Allen thought I was probably overstating the legal issues associated with sharing logins and sharing files to get scholarly publications. Sadly, I don’t think my statements were hyperbole:

  • Sharing logins to gain access to university library systems can involve grave legal risks. It violates the same sort of violations of terms-of-service that made Aaron Swartz face 50 years in prison. For instance, JSTOR’s terms of service (that Swartz allegedly violated in his felony charges) specifically prohibited actions like sharing logins.
  • Sharing papers (mainly in email, but also social networking sites) also carries risks, mainly in civil and not criminal law (but that could change if something like SOPA passes). Mass copyright lawsuits with financially ruinous penalties happen- even involving 100,000 people at a time, including children.
  • Litigiousness has entered the scholarly domain. University presses are suing universities over e-reserves to curtail “fair-use” (limitations in copyright law to allow research, instruction, critique, free speech).
  • Law Prof.

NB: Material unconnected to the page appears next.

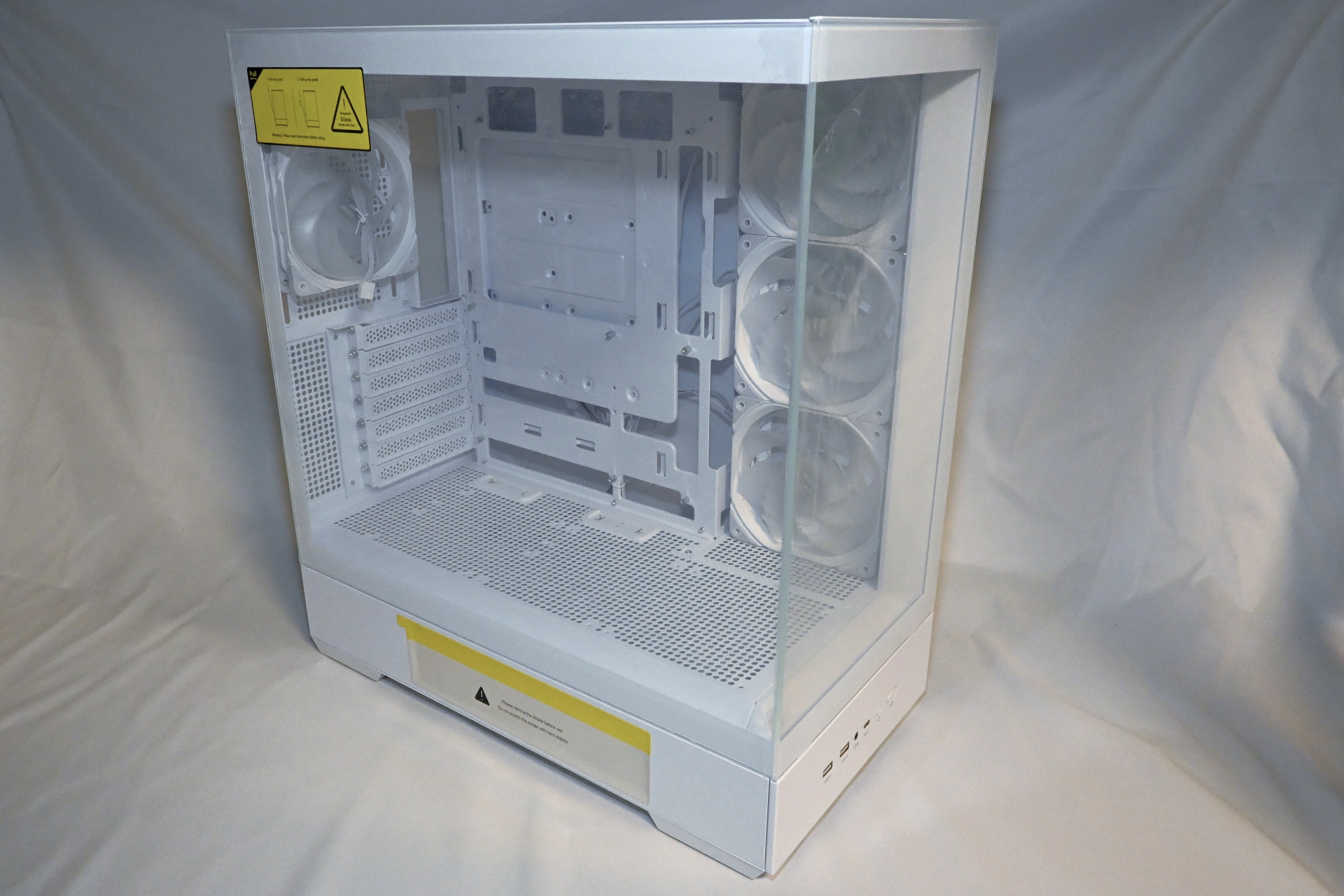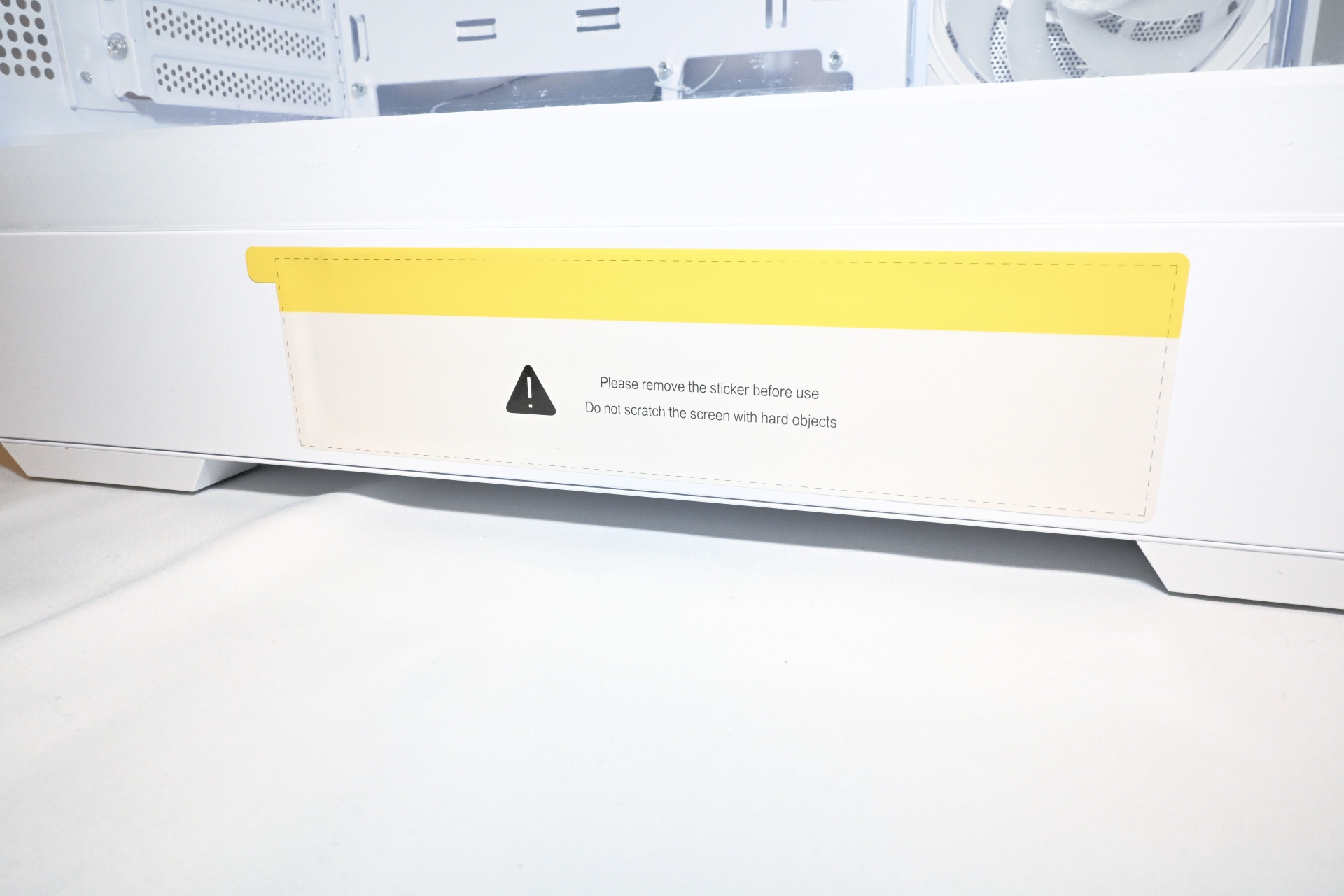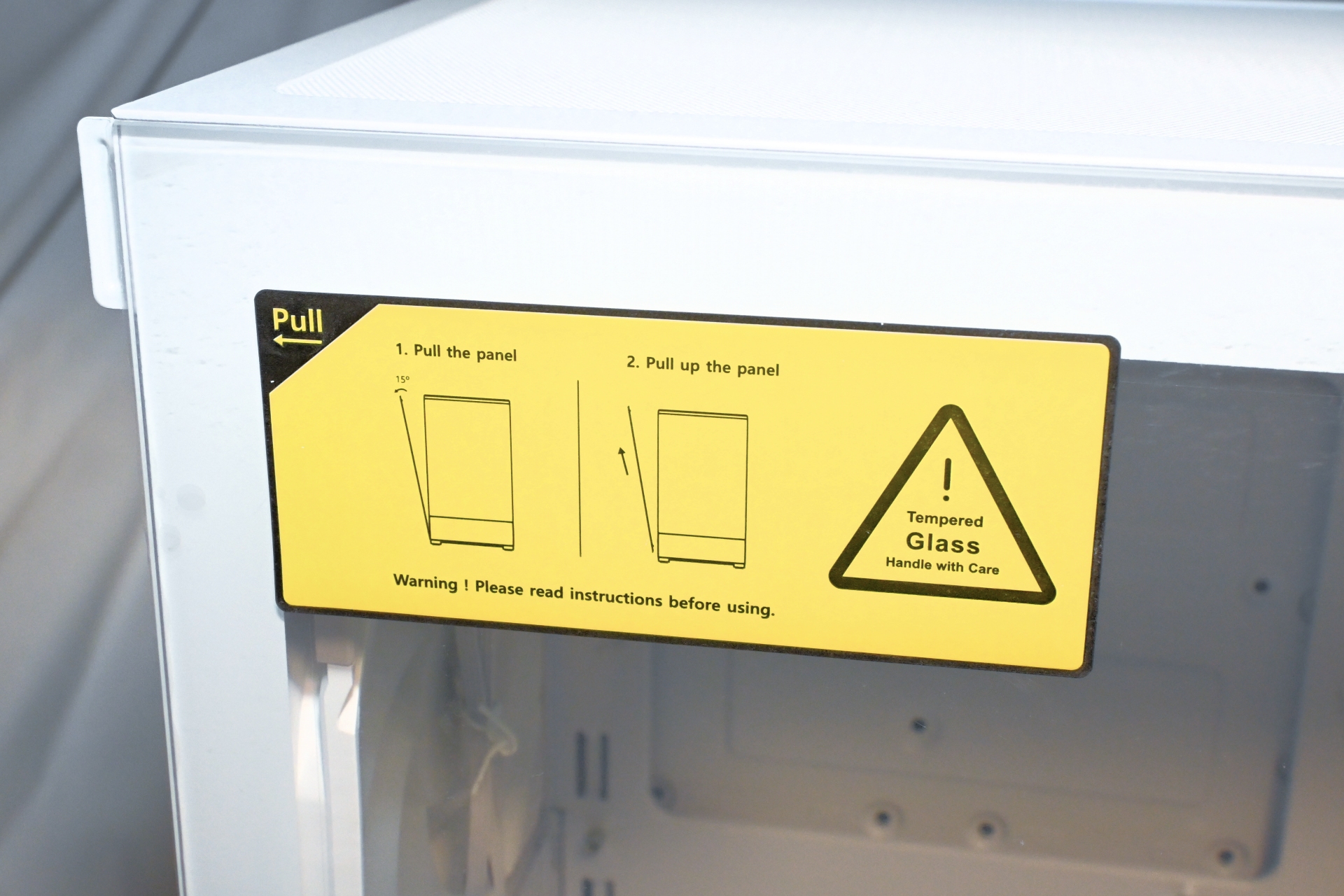 The P40 DS comes well packaged in its own brown cardboard box. Unpacking the box reveals the case in all white with two very large and thick tempered glass panes, one on the left side and one in the front. Both glass panels are further protected with scratch resistant plastic film, which on the side panel also has a sticker showing how to open up the side panel by using the pull tab and pull the panel out about 15 degrees to then be able to lift the side panel out.

John Tehranian published a study where he calculated a jaw-dropping $4.5 billion in potential copyright liability involved in routine academic research and instructional activities over the course of a single year.

I think the evidence is clear that current intellectual property rules carry significant legal risks for everyone. It’s worse for researchers at the margins of the profession who lack their own institutional logins.

Normative Publishing Practices and Antiquities Trading

Network security laws and copyright laws are unjust because they carry such disproportionate penalties. Huge commercial scientific publishers like Elsevier push to further strengthen these draconian laws. Elsevier lobbied in favor of SOPA, a bill that would have made even non-commercial infringement a felony offense. That would have put many routine library activities at risk. Copyright has expanded in scope into a more or less absolute and perpetual property right. No US copyrighted works entered into the public domain last year.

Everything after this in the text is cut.